Keepers_Keeper said:


> 2019 playoffs in San Diego.


That's interesting given that Surf supposedly has a long term relationship with US Soccer to use the Polo and Oceanside fields....am I misunderstanding that? Maybe GDA playoffs will be in another part of the country this time next year?

Of course, there are probably other fields that can accommodate? Would be great for college coaches to have both ECNL and GDA playoffs in the same county... I just don't know enough about the pitch situation in SD.


----------



## LadiesMan217

GoWest said:


> That's interesting given that Surf supposedly has a long term relationship with US Soccer to use the Polo and Oceanside fields....am I misunderstanding that? Maybe GDA playoffs will be in another part of the country this time next year?
> 
> Of course, there are probably other fields that can accommodate? Would be great for college coaches to have both ECNL and GDA playoffs in the same county... I just don't know enough about the pitch situation in SD.

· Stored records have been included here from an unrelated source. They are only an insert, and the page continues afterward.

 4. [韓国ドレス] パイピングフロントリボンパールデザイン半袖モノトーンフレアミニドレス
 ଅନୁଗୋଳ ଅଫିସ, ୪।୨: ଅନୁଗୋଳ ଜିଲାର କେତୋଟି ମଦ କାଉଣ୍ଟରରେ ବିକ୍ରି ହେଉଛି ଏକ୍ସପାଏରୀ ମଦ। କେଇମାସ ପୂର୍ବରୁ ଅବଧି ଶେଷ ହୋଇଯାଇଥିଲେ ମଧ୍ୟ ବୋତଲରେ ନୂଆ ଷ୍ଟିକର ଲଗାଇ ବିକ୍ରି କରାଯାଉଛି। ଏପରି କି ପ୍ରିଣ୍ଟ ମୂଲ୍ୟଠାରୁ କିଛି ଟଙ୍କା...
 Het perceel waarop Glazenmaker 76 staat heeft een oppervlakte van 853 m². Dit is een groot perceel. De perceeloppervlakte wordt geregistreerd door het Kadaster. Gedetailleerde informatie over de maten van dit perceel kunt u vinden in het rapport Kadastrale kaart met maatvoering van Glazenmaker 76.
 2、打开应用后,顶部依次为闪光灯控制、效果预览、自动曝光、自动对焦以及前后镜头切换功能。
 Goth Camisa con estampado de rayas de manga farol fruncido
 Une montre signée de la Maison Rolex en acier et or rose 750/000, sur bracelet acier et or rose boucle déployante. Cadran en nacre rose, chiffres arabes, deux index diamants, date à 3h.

ECNL to my knowledge has only released showcase event locations for next year. DA will be in San Diego for 2019.


----------



## soccer dude

Can someone explain to me why we have the playoffs in Seattle when California teams dominates the ECNL circuit?  Why don't we get home court advantage?  I count more than half of the semi-final games containing california teams.  U16 alone has 3/4 california teams in the semis.  I just think that these playoffs should favor the top teams.  I mean isn't that how college sports work???  Seattle was beautiful but very costly especially when I hear DA is right down the street at Oceanside.


----------



## davin

soccer dude said:


> Can someone explain to me why we have the playoffs in Seattle when California teams dominates the ECNL circuit?  Why don't we get home court advantage?  I count more than half of the semi-final games containing california teams.  U16 alone has 3/4 california teams in the semis.  I just think that these playoffs should favor the top teams.  I mean isn't that how college sports work???  Seattle was beautiful but very costly especially when I hear DA is right down the street at Oceanside.

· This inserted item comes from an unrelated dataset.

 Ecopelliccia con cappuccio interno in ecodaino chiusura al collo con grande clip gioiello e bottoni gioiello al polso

U14: 2/4 California teams in semis
U15: 2/4 California 
U16: 3/4 California
U17: 3/4 California 

Great showing by California teams in playoffs so far. Safe travels and good luck to everyone who are going to Virginia for the finals.


----------



## GoWest

davin said:


> U14: 2/4 California teams in semis
> U15: 2/4 California
> U16: 3/4 California
> U17: 3/4 California
> 
> Great showing by California teams in playoffs so far. Safe travels and good luck to everyone who are going to Virginia for the finals.

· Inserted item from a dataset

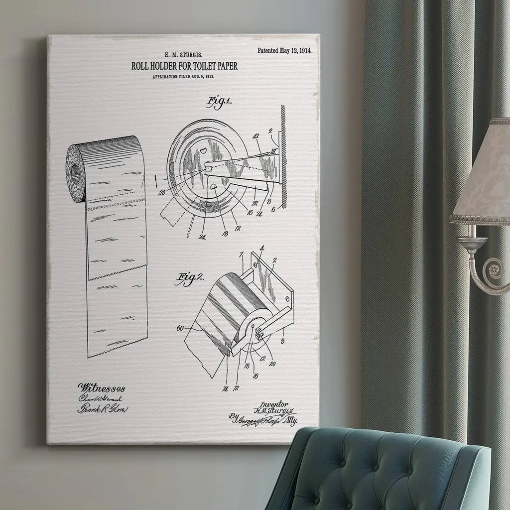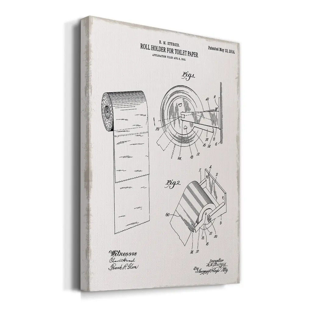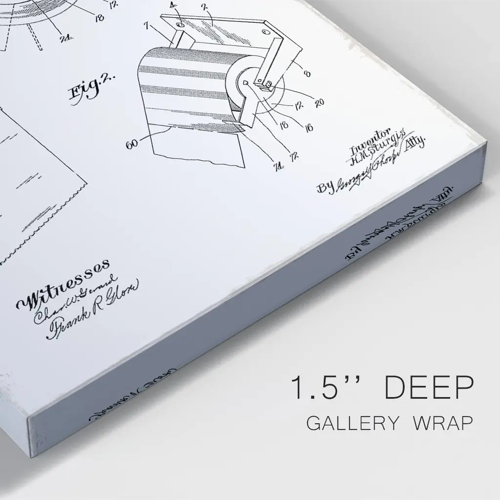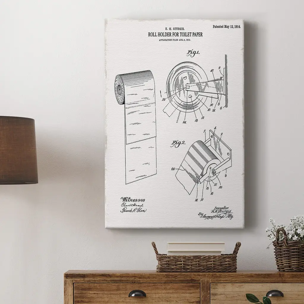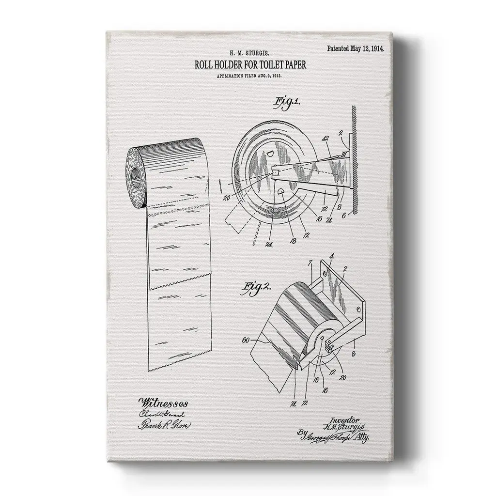 Toilet Paper Patent III Premium Gallery Wrapped Canvas - Ready to Hang A premium hand stretched gallery wrapped canvas print created to last. Featuring a beveled a solid wood stretcher bar, each piece comes ready to hand 6 SIZES AVAILABLE 8''X12'' - Overall Size 12''X18'' - Overall Size 18''X27'' - Overall Size 24''x36'' - Overall Size 32''x48'' - Overall Size 40''x60'' - Overall Size Each piece is made to order. Built to Last Each piece comes ready to hang Solid wood stretcher Fade and Water resistant Made domestically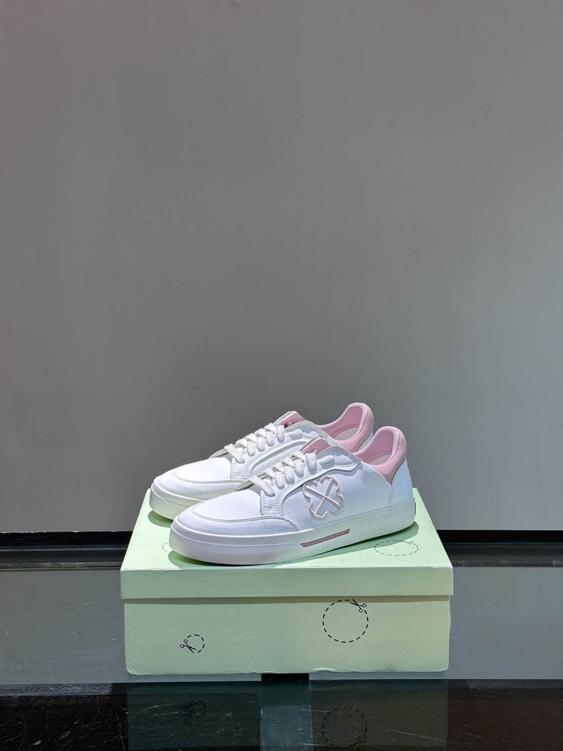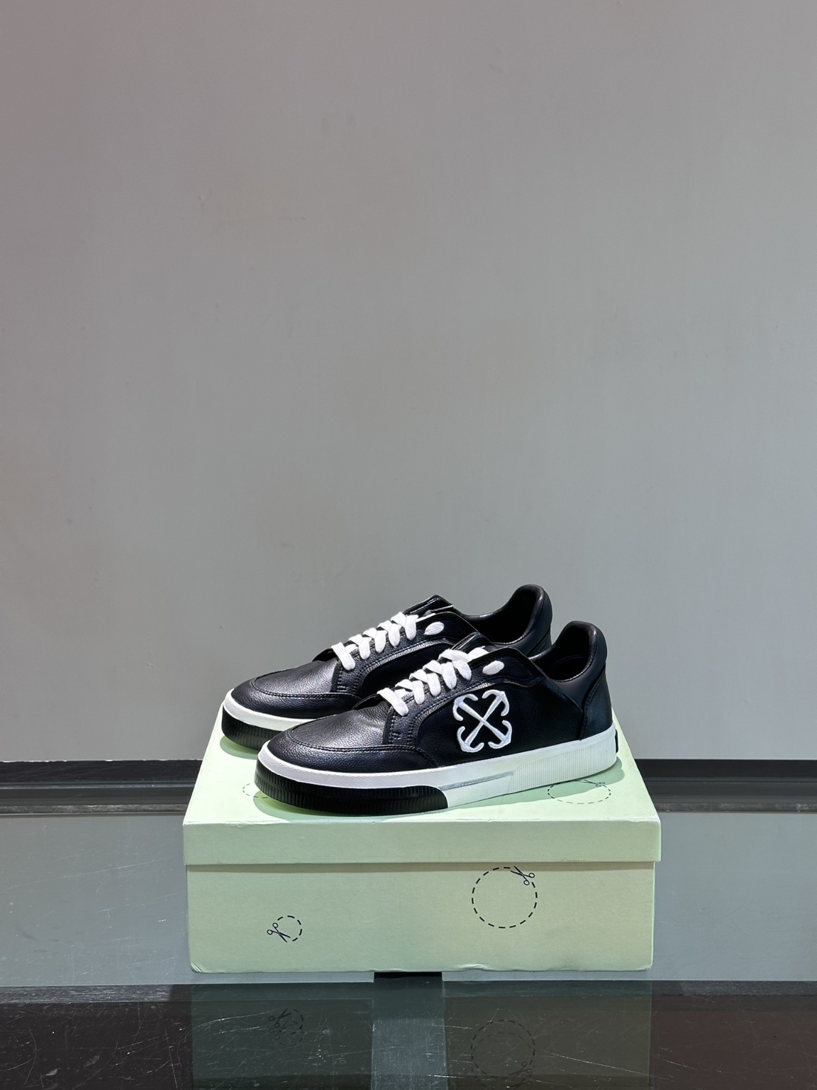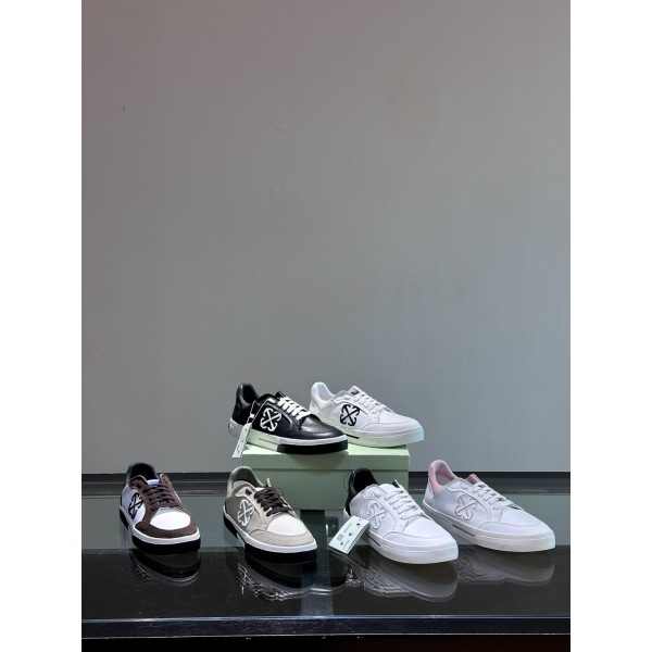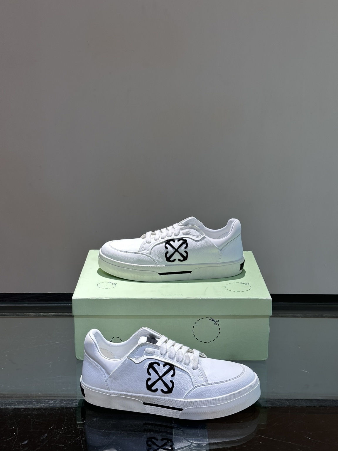 Off White 커플용 로우 스트랩 스니커즈 소가죽 패치 캔버스, 갑피에 로고, Off White 로고 톤온톤 라벨 디테일, 착색 고무창 편안하고 통기성이 있으며 오래 신어도 발이 지치지 않음

Great post @davin. Here's a good article about national finals on Soccerwire. California has a really great chance to bring home some bling across the age groups represented:

https://www.soccerwire.com/news/clubs/youth-girls/stage-set-for-ecnl-finals/

Let's get it done


----------



## Pitch pop

GoWest said:


> Great post @davin. Here's a good article about national finals on Soccerwire. California has a really great chance to bring home some bling across the age groups represented:
> 
> https://www.soccerwire.com/news/clubs/youth-girls/stage-set-for-ecnl-finals/
> 
> Let's get it done


Looks like the article is inaccurate wrong locatio


GoWest said:


> Great post @davin. Here's a good article about national finals on Soccerwire. California has a really great chance to bring home some bling across the age groups represented:
> 
> https://www.soccerwire.com/news/clubs/youth-girls/stage-set-for-ecnl-finals/
> 
> Let's get it done


Article looks like it has last years schedule, location and teams.


----------



## GoWest

Pitch pop said:


> Looks like the article is inaccurate wrong locatio
> 
> 
> Article looks like it has last years schedule, location and teams.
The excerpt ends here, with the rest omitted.